To explore this issue, in 2018 we surveyed nearly 5,000 H-4 visa holders. We estimate that their loss in employment will cost the U.S. government at least $1.9 billion in lost tax revenue annually, cost state and local governments at least $530 million in lost tax revenue annually, and cost our society at least $5.5 billion, and perhaps as much as $7.5 billion, in lost economic activity per annum.

Our data also suggest that the ostensible benefit of this rule rescission, namely the new jobs that would be made available to U.S. citizens, is at best zero, as the jobs that would be opened up for U.S. citizens would be more than offset by the jobs lost via the closure of businesses currently run by H-4 visa holders.

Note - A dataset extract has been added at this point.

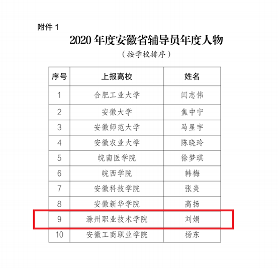 近日,中共安徽省委教育工委下发了《关于公布2020年度安徽省高校辅导员年度人物和优秀辅导员评选结果的通知》(皖教工委函〔2021〕288号)文件,beat365传媒与设计学院辅导员刘娟获2020年度安徽省辅导员年度人物。全省共有10名辅导员获此殊荣,有8所本科院校,2所高职院校。同时,刘娟被推荐参加教育部“第十三届全国高校辅导员年度人物”暨2021年“最美高校辅导员”评选。

The study found that the majority of the H-4 population are highly skilled, educated workers in the Science, Technology, Engineering, and Math (STEM) fields with a concentration in the computer, math, statistics, business, finance, management, and health care fields. Although the Trump Administration suggests that eliminating the H-4 EAD would allow U.S. workers the opportunity to secure jobs in those fields, data shows that there are not enough qualified U.S. workers to fill those jobs. It is also important to note that the current unemployment rate is 3.8% and the total number of H-4 spouses with employment authorization is likely less than 50,000 throughout the country.

We anticipate that the public comments will include research studies, such as the cost-benefit analysis commissioned by AILA, and that USCIS will need to review the comments (which are publicly available) and justify the rule with well-reasoned, rational explanations. This is going to be difficult based upon the very small number of individuals granted work authorization, the benefit of those workers to the economy as documented by the economic studies, and the historically low unemployment rate. It is also likely that the comments will note the discriminatory nature of the rule as it targets with surgical precision the right of Indian women to work. We anticipate that if the proposal is published as a final rule, the economic studies and arguments presented in the comments will be the basis of litigation challenging the rule. While we can’t predict the outcome of the anticipated litigation, it is likely the rule will be delayed by the litigation as the Administration struggles to justify the proposed regulation.

In conclusion, we do not expect the rule to be implemented in the near term. In the meantime, foreign nationals and employers relying upon the H-4 EAD should not panic. We anticipate that the EAD will continue to be issued for the foreseeable future (albeit, the processing times have continued to grow) and once issued, will be valid for the full term. It is unlikely that the government will revoke existing EADs even if the rule is published in final form. Although, if the rule is published and becomes effective, H-4 EADs may not be renewed. Until then, we continue to advise clients that the H-4 EAD is still a viable option for work authorization.